Ich rodzice mogli mieć pewność, że tym razem obyło się bez koszmarów.

***

Pogwizdując wesoło, Samik wyjął z kieszeni klucze i przyjrzał im się uważnie. Zacmokał z irytacją, a potem podniósł głowę i jeszcze raz oglądnął skrzynkę na listy. Przeklął pod nosem. Od trzech lat zajmował to mieszkanie, a nadal nie nauczył się, który klucz jest do czego.
Zrezygnowany zaczął po kolei sprawdzać kolejne klucze. I jak to zwykle w życiu bywa, pasował ostatni wzięty pod uwagę.
Guillaume z ulgą otworzył skrzynkę i wyjął z niej kilka kopert. Przeglądnął je szybko, jedynie przebiegając wzrokiem po adresach nadawców.

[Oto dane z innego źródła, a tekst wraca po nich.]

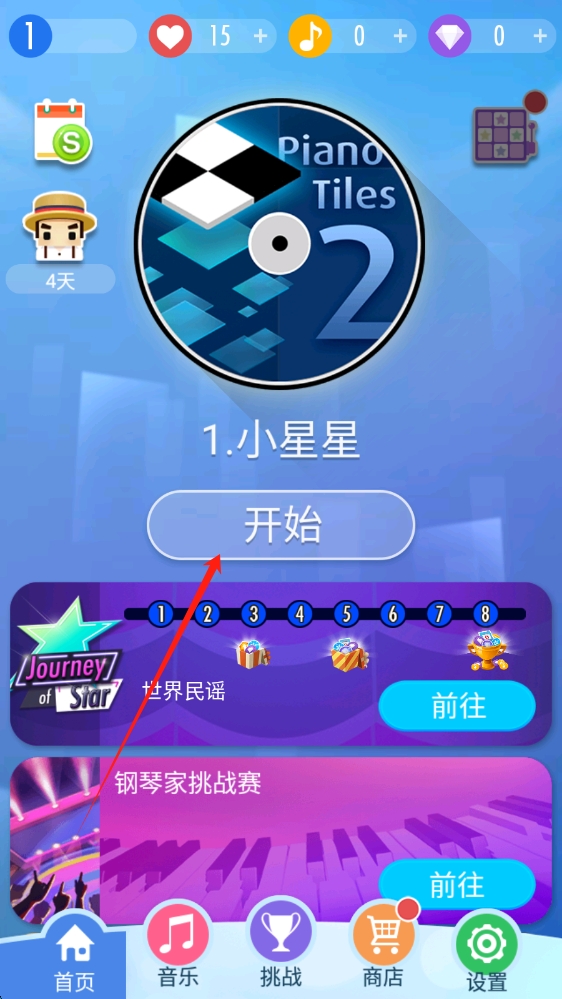 2、點擊選擇關(guān)卡,注意收集限定曲譜碎片,可能用于合成絕版歌曲,利用每日登錄獎勵獲取免費抽獎券與加速解鎖。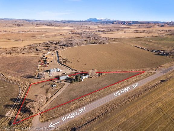 Cute home and acreage just south of Bridger with the most amazing views from the front porch! Lots of potential with this property! Property has excellent access, home, shop, and 3.86 acres with IRRIGATION. The home boasts a spacious living, dining and kitchen area with simply amazing views of the BEARTOOTH MOUNTAINS out the picture window. 3 bedrooms, 1 bathroom, large walk-in pantry, built-ins for storage, and ample closet space round out the adorable home! 30X50 SHOP/BARN combo for your animals or toys! Wonderful, mature trees frame the yard and provide privacy. Great opportunity at an affordable price, don't miss out!! Home is NOT a mobile.

− Rachunek, rachunek, reklama… O! A to co?! – Zmarszczył ze zdziwieniem brwi, gdy zobaczył list z jednej z paryskich kancelarii.
Zważył kopertę w dłoni. Była wyjątkowo ciężka i gruba. Jakby ktoś wypchał ją kilkoma arkuszami papieru. Dodatkowo wyglądała bardzo poważnie, wręcz ekskluzywnie. A pieczątka na wierzchu dobitnie świadczyła o tym, że zawartość była bardzo, bardzo ważna.

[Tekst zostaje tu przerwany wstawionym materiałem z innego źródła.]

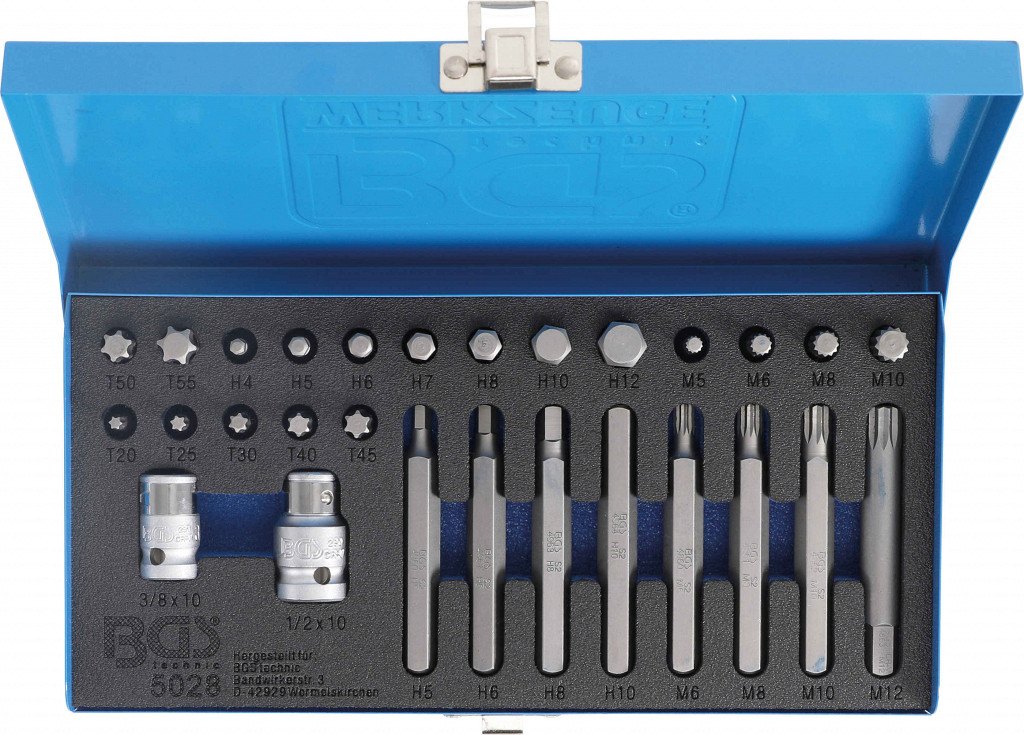 V kovinski škatli, obseg dobave: 7 kratkih šesterokotnih nastavkov 4–12 mm, 4 dolgih šesterokotnih 5–10 mm, 4 kratki XZN M5–M10, 4 dolgi XZN M6–M12, 7 Torx...

Ruszył na górę, cały czas myśląc o tajemniczym liście. Z trudem powstrzymywał się, by nie otworzyć go już na klatce schodowej.
Jednak gdy wszedł do mieszkania, zagadka z koperty, na chwilę wyleciała mu z głowy.
− Już wróciłeś, skarbie? – Na widok narzeczonego, Natalii uśmiechnęła się szeroko. Raźnym krokiem podeszła do mężczyzny, wspięła się na palce i cmoknęła go na powitanie.
− Rozmowy z zarządem była wyjątkowo prosta – wyjaśnił.
Odwiesił kurtkę na wieszak, a potem przeszedł do kuchni, gdzie przy niewielkim stole siedział Isaac. Chłopiec ze znudzeniem wypełniał kolejne zadania w kolorowych ćwiczenia, a jego mina dosadnie mówiła, że ma dość.
W przeciwieństwie do Justin, która siedziała obok, w swoim wysokim krzesełku i z zapałem próbowała wsadzić do buzi małe marchewki.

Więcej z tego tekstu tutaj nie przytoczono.